A Internet, aliás, nunca esteve tão "social" quanto agora. As redes sociais engoliram a velha rede baseada na navegação livre e anônima, nos prendendo a uma territorialidade, que é o nosso próprio "perfil real", isto é, à nossa identidade fora da rede, o que traz junto, por tabela, chefes, contatos, amigos, colegas de trabalho e escola/faculdade, além dos parentes - é a partir desse perfil que as pessoas passam a navegar, compartilhando links e fotos (suas vidas..), de tal modo que a navegação torna-se ancorada e identificada por definição.

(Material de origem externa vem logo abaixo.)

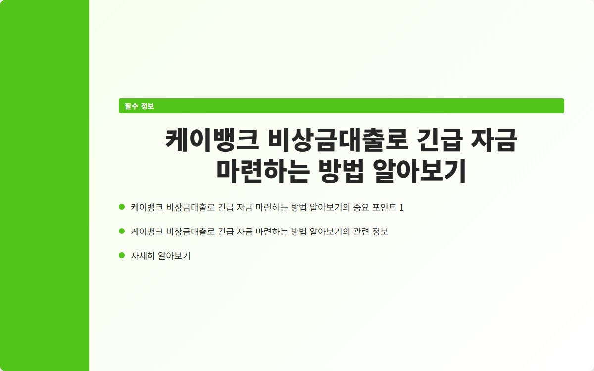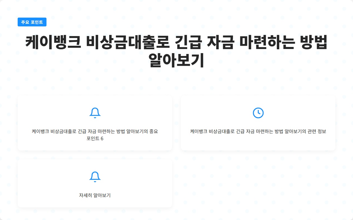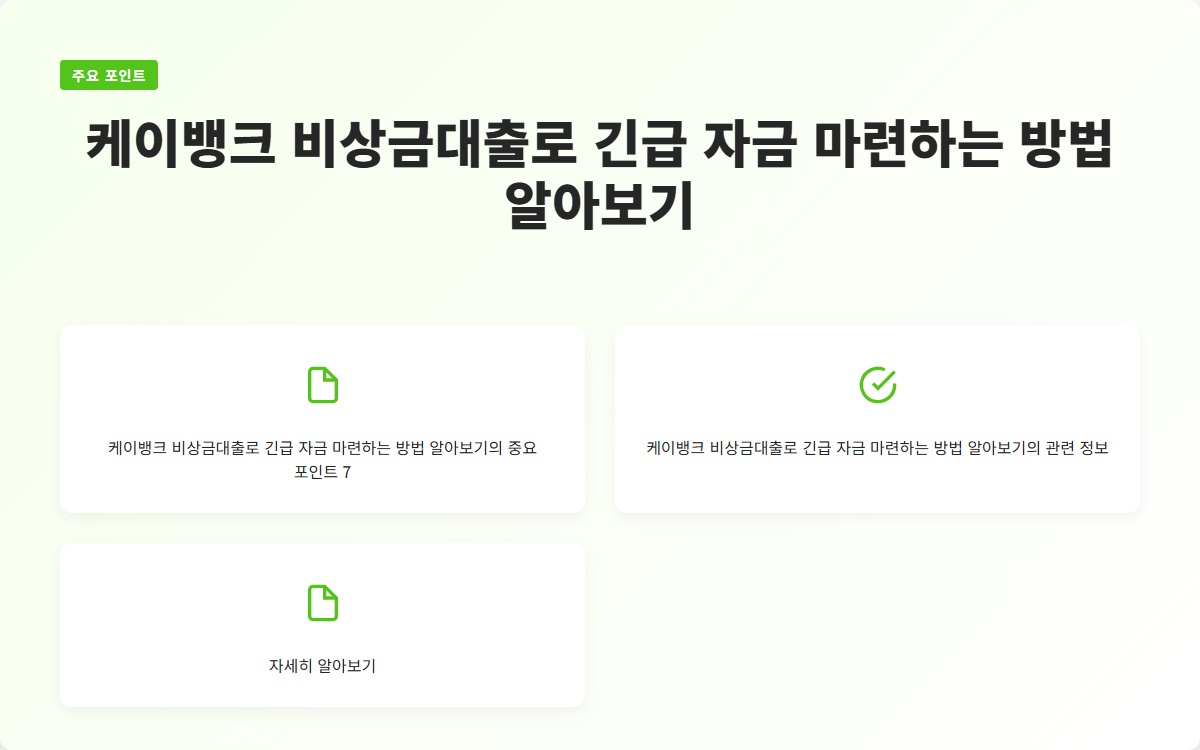 오늘날의 금융 환경에서 불시의 자금 필요성은 누구에게나 발생할 수 있습니다. 갑작스러운 의료비나 예상치 못한 지출이 있을 때, 케이뱅크 비상금대출은 즉각적으로 필요한 자금을 마련하는 데 매우 유용합니다. 이 대출 상품은 특별히 긴급 상황을 고려하여 설계되었으며, 신속하고 간편하게 이용할 수 있습니다. 특히 모바일 앱을 통해 언제 어디서나 신청할 수 있어 많은 이들에게 큰 인기를 끌고 있습니다.

Sempre se levantou a possibilidade de que os Estados, de repente, quisessem passar a identificar sistematicamente os usuários da Internet. Um temor com a sociedade disciplinar um tanto equivocado, uma vez que medidas desse tipo, quando aparecem, só o fazem como farsa - e nem possuem tanta efetividade assim, a julgar pela China. A sociedade de controle possui outros meios para regular o agir dos sujeitos, certamente, mais açucarados e sutis do que qualquer AI-5 Digital, embora elas devam ser combatidos também.
As redes sociais, de forma simpática e utilitária, colocam fim a necessidade do sistema identificar os usuários da rede de forma policialesca. E o Facebook é o top do top nesse esquema. Cada vez mais pessoas aderem à rede social de Zuckerberg e, diferentemente do fenômeno Orkut, não são apenas os mais jovens que estão usando o serviço, mas sim gente de todo o tipo.
O modo de exploração de Facebook volta-se à vida pessoal de seus usuários, seus afetos mais banais - aquilo que elas curtem, o que elas fizeram, quem elas amam etc -, tudo transferido para as corporações que, a partir de um perfil de consumo ultrafiltrado, vendem suas bugigangas. De repente, todas essas trocas de afetos desapareceriam se o site fechasse ou resolvesse apagar o que quisesse. Não existe produção explorada em um sentido clássico, mas a própria autoprodução do vivente em sua mais elementar sociabilidade.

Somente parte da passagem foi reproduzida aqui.